El cristianismo, entre sus diez mandamientos, dictaminó “No matarás” y “No cometerás adulterio”, que quiere decir “no gozarás carnalmente fuera del matrimonio”,  como resultado de los presupuestos de este dogma religioso se suprimen esas experiencias vitales interiores que nos explica Bataille, construyéndolas como objetos  a ser transgredidos para lograr la soberanía de uno mismo.

            En el relato El marido cura, se narra una seguidillas de contradicciones y de transgresiones. El padre Gabriel, personaje cual monje descrito con las características por demás eróticas como por ejemplo ostentar unas cejas como Júpiter. Éste codiciaba a la mujer del señor Rodin (“cornudo si alguna vez hubo alguno”). El monje encontró el momento propicio para cumplir sus deseos solicitándole al señor Rodin que diera la misa que él mismo tendría que realizar, mientras se iba a reclamar un dinero, ya que “preferiría que la misa se fuera al infierno y que los cien escudos estuvieran en mi bolsillo”. El señor Rodin accede a hacerle el favor, y da la misa que su condición de monje le impedía, mientras el cura sale en busca de la mujer del señor Rodin. Cabe observar la descripción que realiza el narrador de los personajes: la señora es un excelente bocado de monje, mientras que el señor Rodin es un buen hombre que cultivaba su hacienda sin abrir la boca. La mujer entonces es un objeto erótico para el sujeto que no puede desearla ni disfrutarla, en tanto que su condición de monje le prohíbe la experiencia erótica, mientras que, el erotismo permitido en tanto matrimonio, para el señor Rodin, es inalcanzable, su boca se mantiene cerrada ante ese bocado erótico.

            Cuando el monje se encuentra con la mujer le dice: “he hecho de vuestro marido un cura y mientras el tunante celebra un misterio divino, démonos prisa y consumemos uno profano…”. En la lógica utilitarista, las normas de la institución eclesiástica definen lo sagrado a todo lo vinculado a los ritos de negación de la vida y la práctica del ascetismo material y sexual, mientras que, si leemos el relato desde la mirada de Bataille, podemos entender que esta vulneración que realiza el cura es la apertura a la lógica de lo sagrado, en donde se goza lo prohibido del mundo profano. Lo más interesante radica en que la figura transgresora está dibujada en el sacerdote que se supone que estaría a favor de las normas del mundo profano. En este sentido el Sacer produce horror a través del sacrificio que restituye al mundo aquello sagrado -lo erótico-, que el mundo mismo cosificó.

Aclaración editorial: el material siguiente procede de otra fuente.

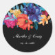 Ajoutez une finition élégante à vos enveloppes d'invitation ou à votre sac de faveur. Nous aimons les couleurs vives et les designs audacieux, alors nous voulions quelque chose qui serait amusant et fantaisiste mais encore assez classe pour un mariage. Cet autocollant a une abondance de fleurs colorées et de typographie moderne sur un arrière - plan noir pour un look floral sophistiqué - qui s'adapterait à un mariage printemps/été.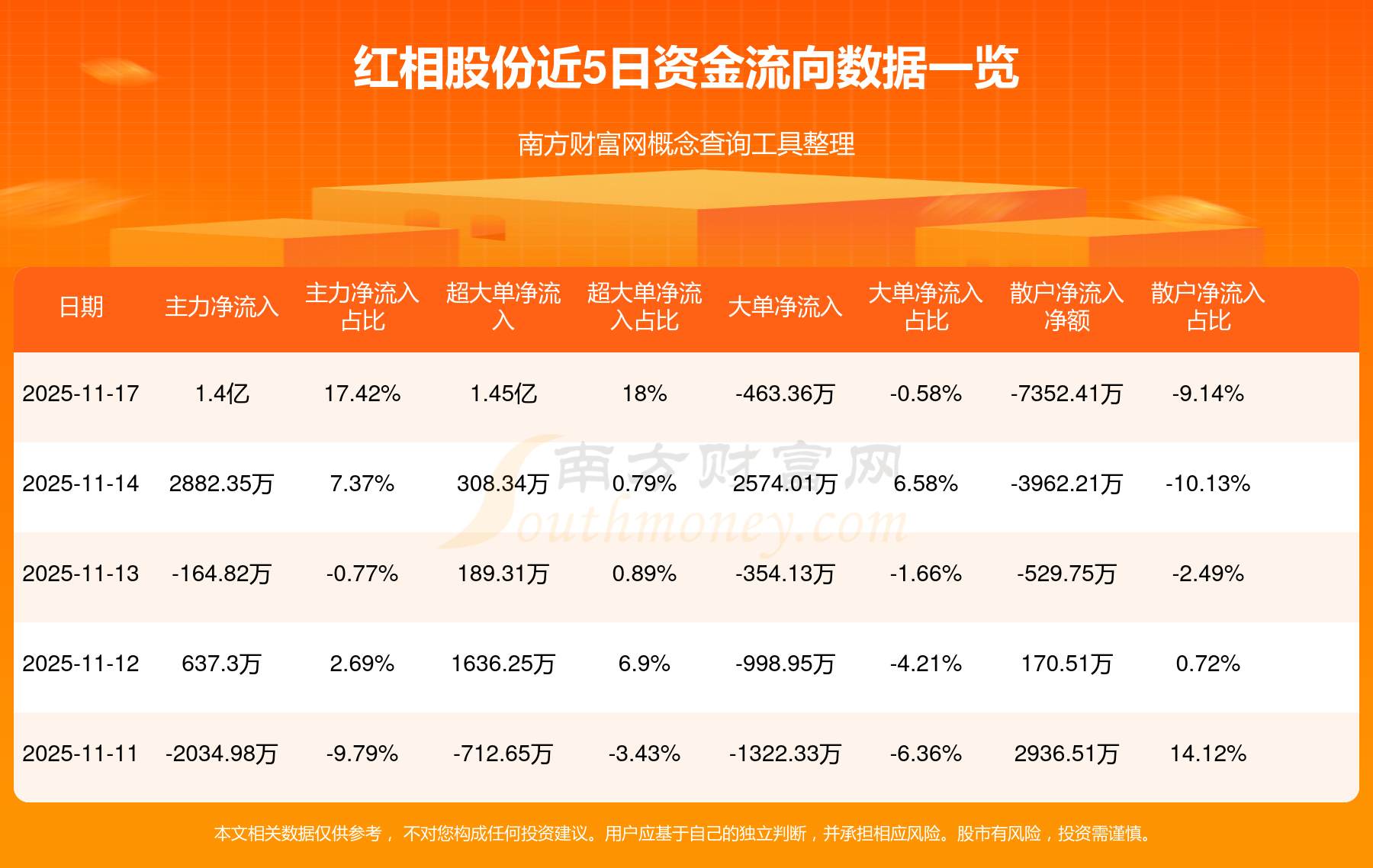11月17日消息,资金净流入1.4亿元,超大单净流入1.45亿元,成交金额18.66亿元。

            A modo de conclusión, quisiéramos retomar la idea de Bataille que dice “La poesía abre el vacío al exceso del deseo”. El ser humano viene al mundo con energía que no alcanza a gastar tan sólo con el movimiento de los procesos utilitarios, por ello, si el erotismo y la muerte no pueden manifestarse continuamente en tanto transgresión de la lógica utilitaria, al menos nos queda la literatura, la cual permite crear mundos prohibidos, posibles irreales, aunque sólo transgreda y rompa los lazos discursivamente. La literatura es la experiencia interna que conecta al escritor con su soberanía. El mundo lógico se desvanece aunque sea por un instante para el escritor y para sus lectores en cada lectura, a pesar de que la muerte del mundo real es irreal tanto como los posibles creados en la literatura.

Marcos Fabián Polisena y Julieta Videla Martínez

 

[1] Georges Bataille (2004). La felicidad, el erotismo y la literatura. Ensayos 1944-1961. Trad. Silvio Mattoni. Buenos Aires. Ed. Adriana Hidalgo. p. 237.

[2] Nada es más necesario y nada es más fuerte en nosotros que la revuelta. Ya no podemos amar nada, estimar nada, que tenga la marca de la sumisión. Ibid. p. 227.

[3] Ibíd. p. 232.

[4] Marqués de Sade (2011). Las 120 Jornadas de Sodoma. Trad. Carlos César Fontela. Madrid. Ed. Akal. pp. 20-21.

[5] El Erotismo. Georges Bataille. versión digital Scan Spartakku – Revisión: TiagOff. p. 81.